Give the data below again exactly as written, but without the pictures.

## Data below
# # # # # # #
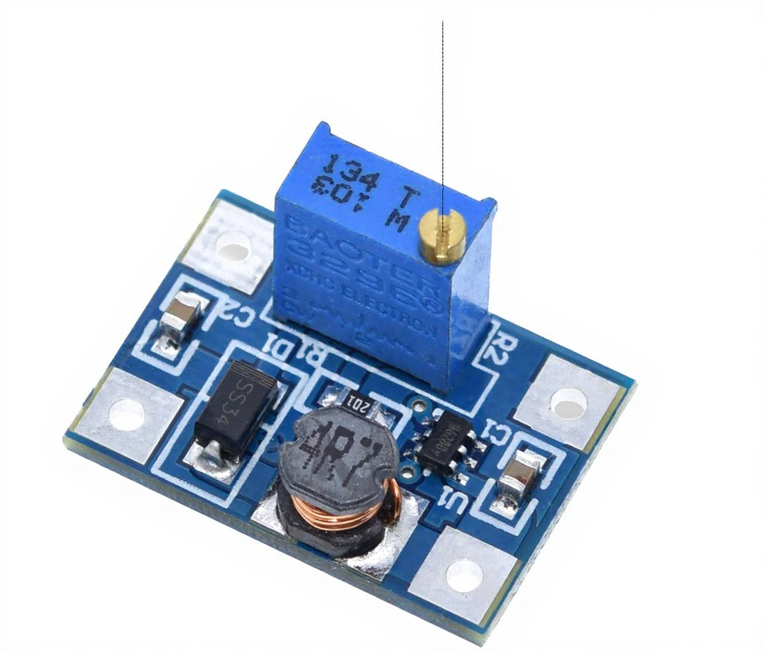 Уровень выходного напряжения в преобразователе SX1308 настраивается путём механического вращения винта переменного сопротивления 10кОм в синем пластиковом корпусе. Регулировка выполняется вращением винта многооборотного механизма подстроечника: для увеличения — по направлению, обратному ходу часовой стрелке, и для уменьшения — по часовой стрелке. Регулировка выходного напряжения в диапазоне от минимального 2В до максимального 28В потребует около 25 ± 3 полных оборотов винта вокруг своей оси. Конечное значение выходного напряжения регулятора SX1308 в процессе настройки определяется замерами потенциала выводов произвольным вольметром-мультиметром.
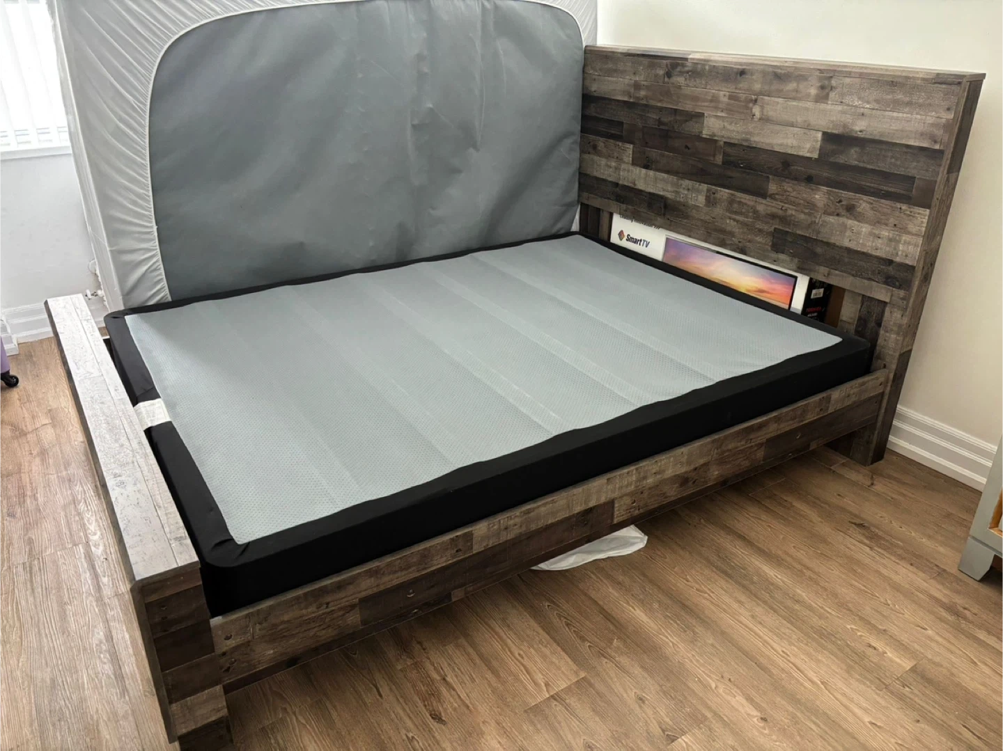 This queen bed frame features a rustic wood plank design for a charming, farmhouse look. It includes a sturdy headboard and a supportive foundation for your mattress. It's a great addition to any bedroom!
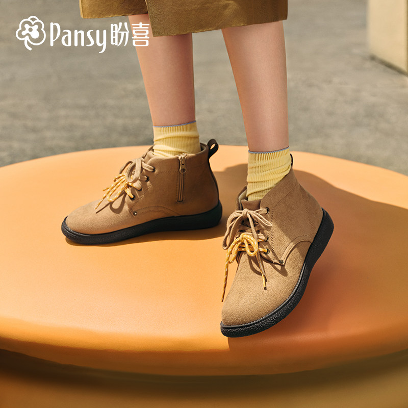 Pansy盼喜短靴女秋单靴新款休闲百搭秋冬季平底高帮鞋拉链靴子
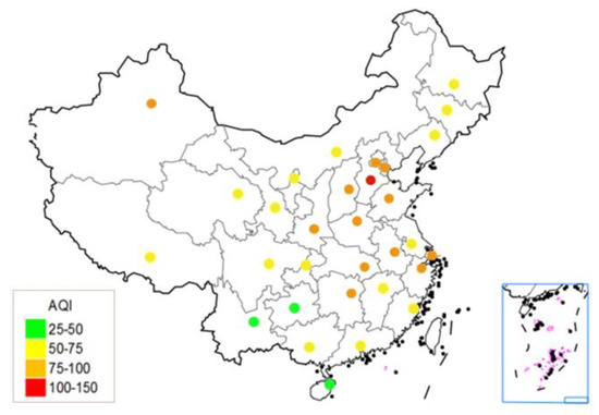 - Liu, H.J.; Du, G.J. Spatial pattern and distribution of air pollution in Chinese cities: An empirical study based on 161 AQI and 6 sub-pollutants. Econ. Geogr. 2016, 36, 33–38. [Google Scholar]
# # # # # # #
## Output of the task
 Уровень выходного напряжения в преобразователе SX1308 настраивается путём механического вращения винта переменного сопротивления 10кОм в синем пластиковом корпусе. Регулировка выполняется вращением винта многооборотного механизма подстроечника: для увеличения — по направлению, обратному ходу часовой стрелке, и для уменьшения — по часовой стрелке. Регулировка выходного напряжения в диапазоне от минимального 2В до максимального 28В потребует около 25 ± 3 полных оборотов винта вокруг своей оси. Конечное значение выходного напряжения регулятора SX1308 в процессе настройки определяется замерами потенциала выводов произвольным вольметром-мультиметром.
 This queen bed frame features a rustic wood plank design for a charming, farmhouse look. It includes a sturdy headboard and a supportive foundation for your mattress. It's a great addition to any bedroom!
 Pansy盼喜短靴女秋单靴新款休闲百搭秋冬季平底高帮鞋拉链靴子
 - Liu, H.J.; Du, G.J. Spatial pattern and distribution of air pollution in Chinese cities: An empirical study based on 161 AQI and 6 sub-pollutants. Econ. Geogr. 2016, 36, 33–38. [Google Scholar]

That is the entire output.